Iconography: A language of symbols

I was given an exercise to take a closer look at the iconography around me and to sketch what I see, so today I decided to go to a favorite coffee shop of mine and on the way take pictures of all the icons I see. Below is a documentation of my journey with a quick sketch and analysis of each picture.

Consistent and Universal

Having grown up in the US and now living in Taiwan, there are signs that are consistent and universal no matter where you are like the handicapped parking and the no right-turn sign.

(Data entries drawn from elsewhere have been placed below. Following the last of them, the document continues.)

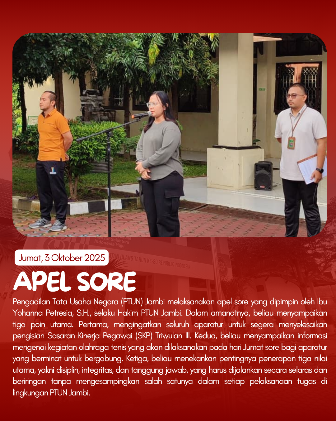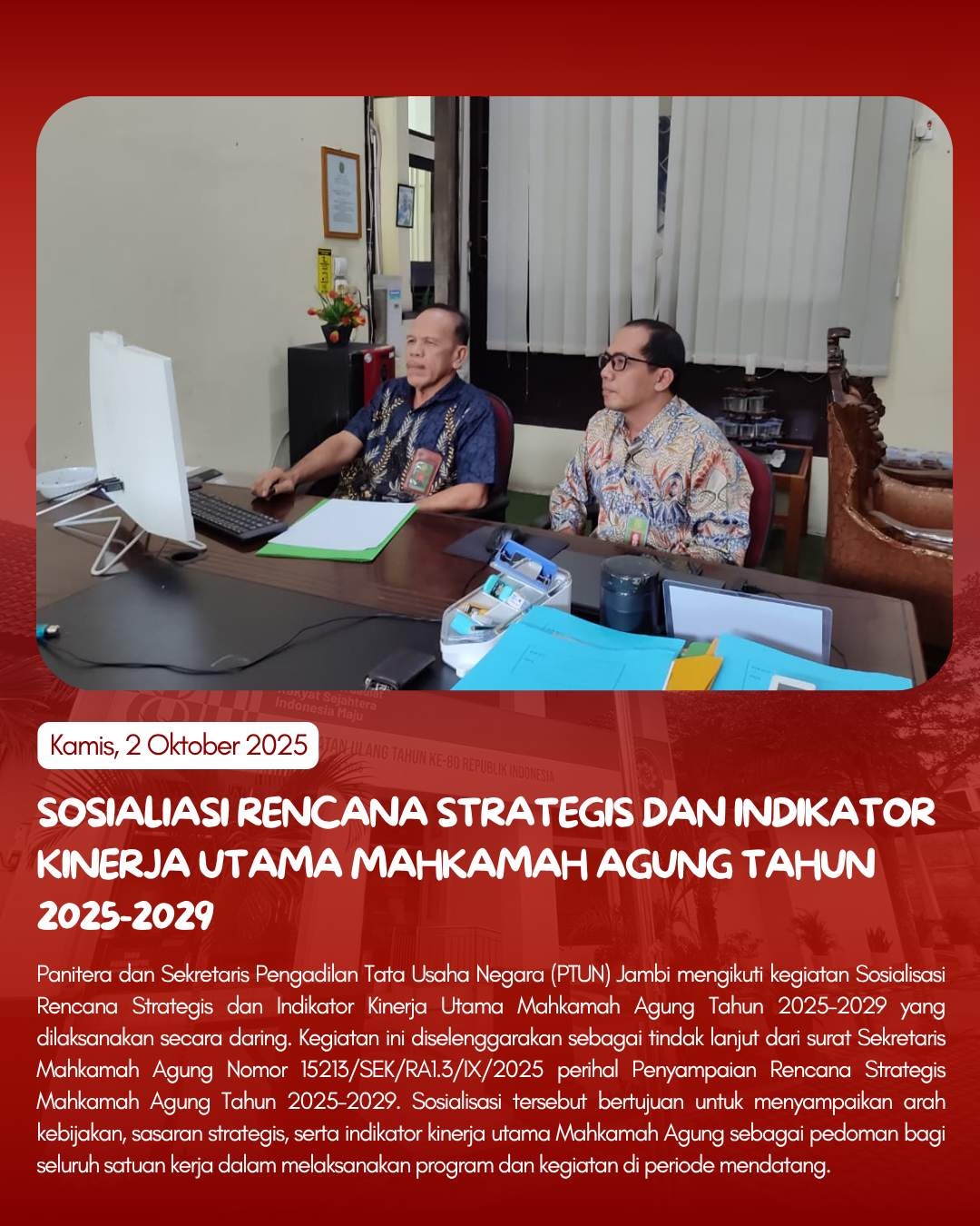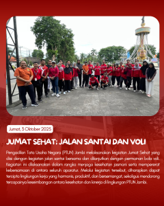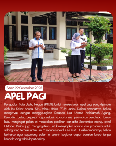 Sepanjang pekan 29 September–3 Oktober 2025, Pengadilan Tata Usaha Negara (PTUN) Jambi melaksanakan beragam kegiatan yang mencerminkan komitmen terhadap disiplin, kolaborasi, dan peningkatan kualitas kinerja aparatur.
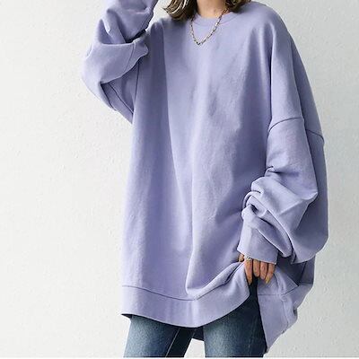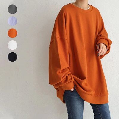 春 秋 Tシャツ カットソー オーバーサイズ 長袖 綿 無地パーカー レディース トップス 大きいサイズ ロング 韓国ファッション 上着 ゆった プリントカットソ
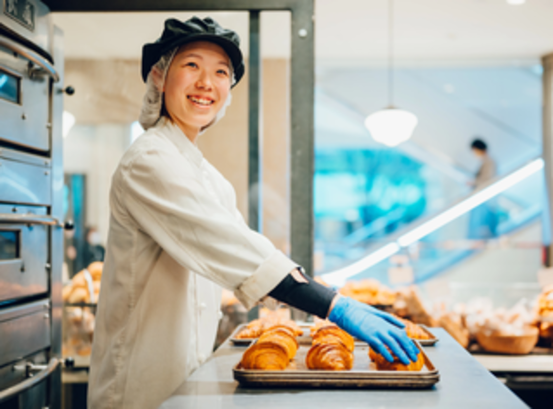 現在、LePetitMec(ル・プチメック)日比谷店の製造チームでパン製造を担当しています。短大を卒業後2024年4月に新卒として入社し、パンの製造を担当しています。ベーカリーは朝の時間帯が命です。お客様が来店される時間帯により多くのパンを並べておかなくてはいけないため、スピードを意識した作業が求められます。また、合間にサイドメニューの仕込みを行ったり、作業効率を上げるための工夫をしたりしたりと…毎日忙しいですが、常に学びながら仕事ができています。
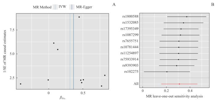 Note: A. The funnel plot visualized the heterogeneity of each genetic variant. B. Leave-one-out plots for sensitivity analysis of the association between PE and colorectal adenocarcinoma.
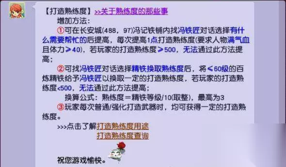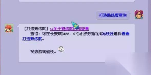 3、打造熟练度查询: 可以在长安城(488,97)冯记铁铺内找冯铁匠选择查看打造熟练度。
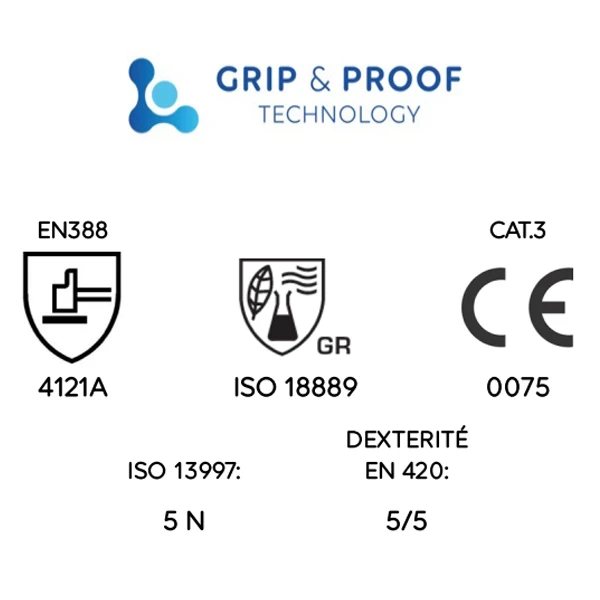 | Matière | 3/4 Enduction spéciale Grip & Proof à base de nitrile |
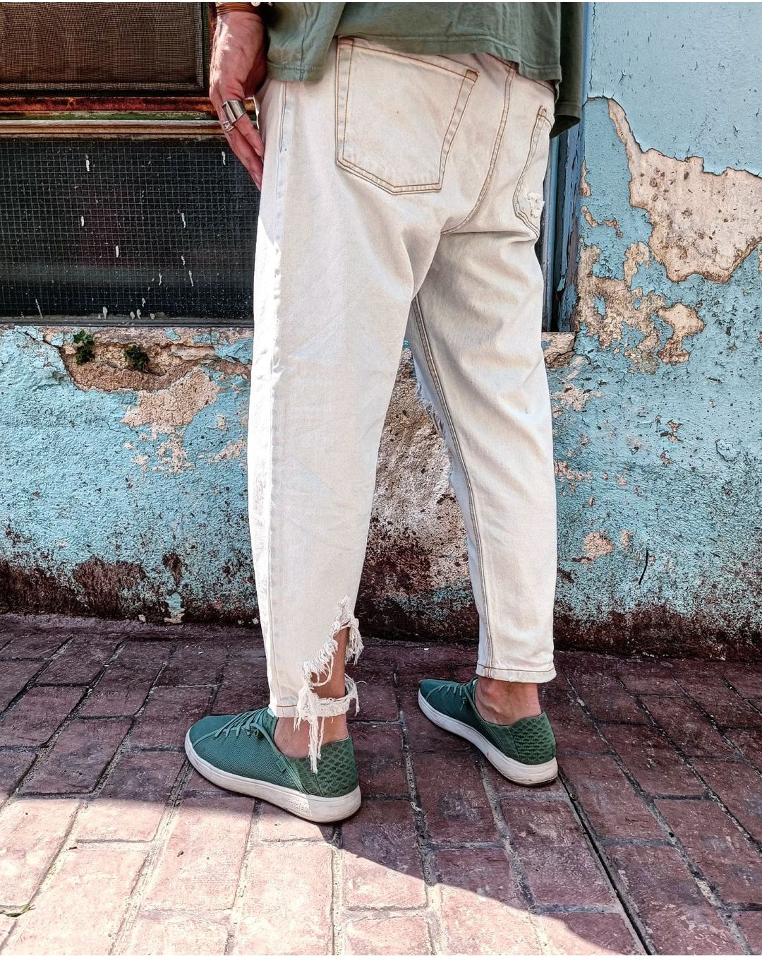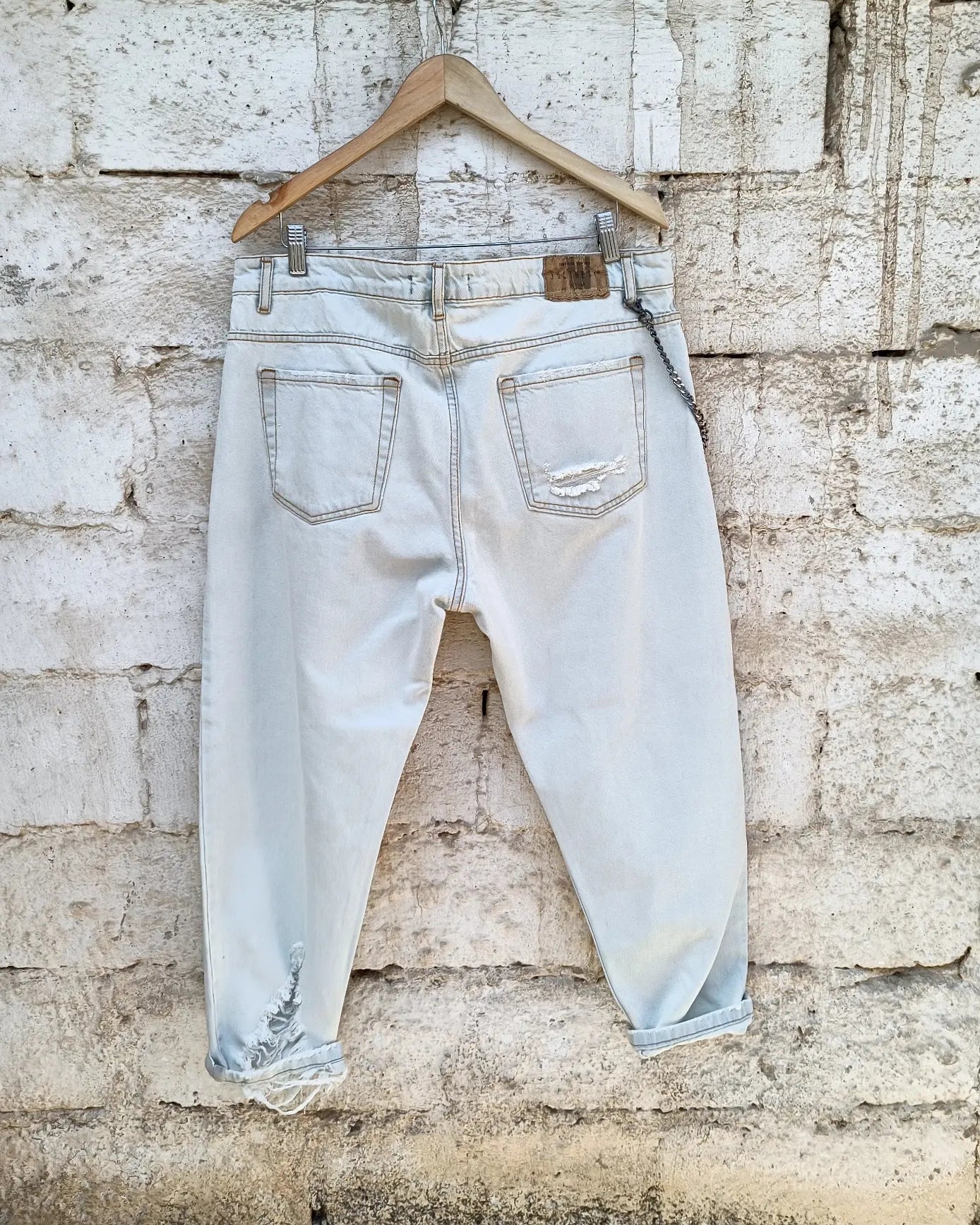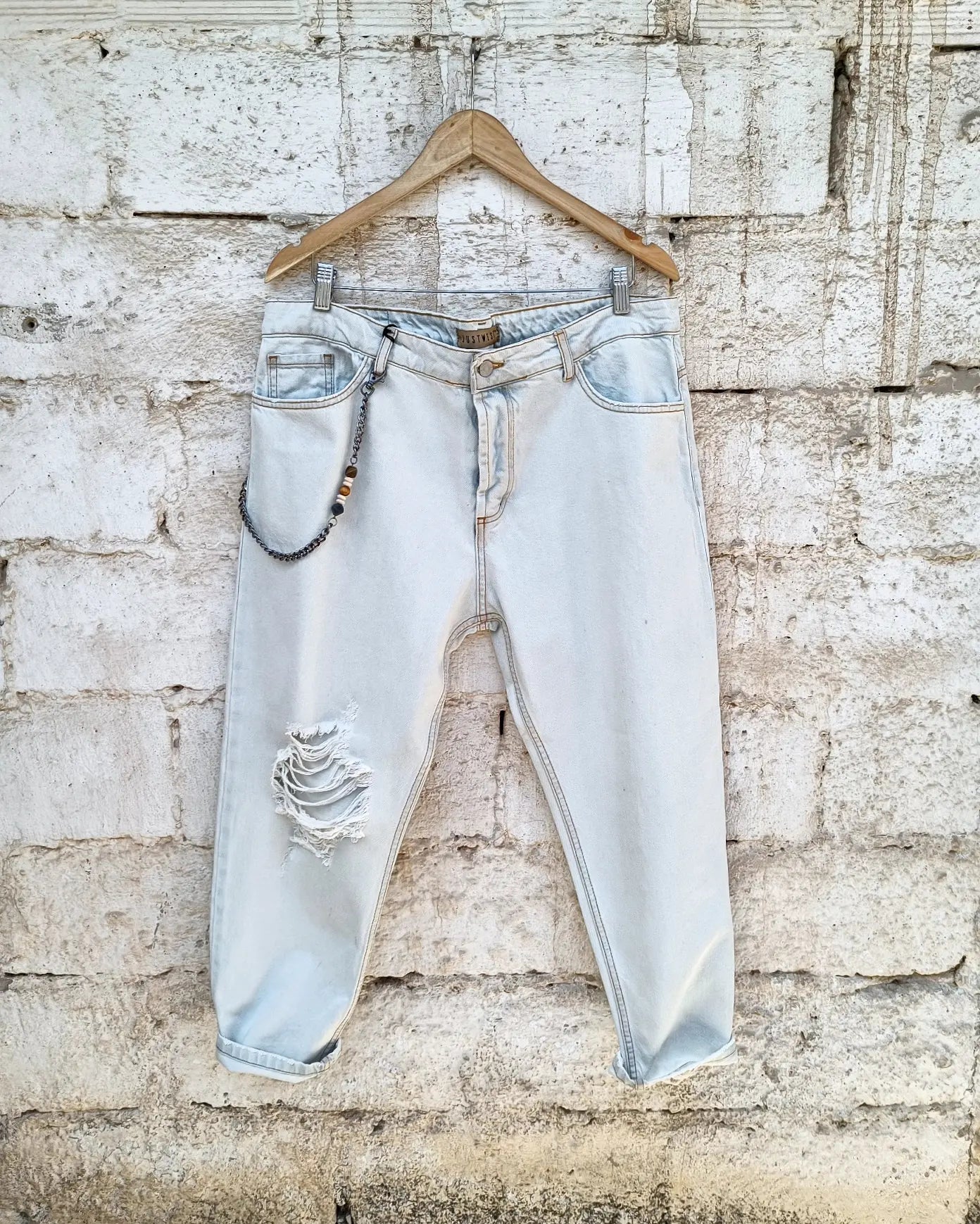 Το Majorca τζιν παντελόνι με κανονική γραμμή διαθέτει 2 διαγώνιες τσέπες μπροστά και 2 πίσω, μαζί με ένα ιδιαίτερο σκίσιμο στο τελείωμα. Η μέτρηση είναι ιταλικής προέλευσης. Το τζιν έχει ανοιχτό χρώμα, προσφέροντας ένα εντυπωσιακό στυλ με βαμβακερό ύφανση, που το καθιστά την ιδανική επιλογή για καλοκαιρινές εμφανίσεις.

Universal street signs found in Taiwan

Local but Learned

Then there are local signs that pertain to Taiwan only that need to be learned like the universal health care symbol, and other street signs.

Symbol for Taiwan’s National Healthcare Insurance found on a clinic’s sign
Another local but common street sign: on some roads in Taiwan, it’s illegal to make a direct left turn, instead scooter drivers must turn right first, swerve around and then go straight.

Signal to Action

Icons on street signs convey information, but some icons like those found on buttons signal instructions.

Action icons — Open/Close Elevator door

Helping Aids

Other icons may serve as complementary images that amplify descriptions or meaning that make them more memorable to people

Icons next to descriptions of ideal times to take protein powder

Regardless of the kinds of icons that are out there, whether its for information or instruction, their symbols all have a context and serve a purpose intended to communicate with people they come in contact with.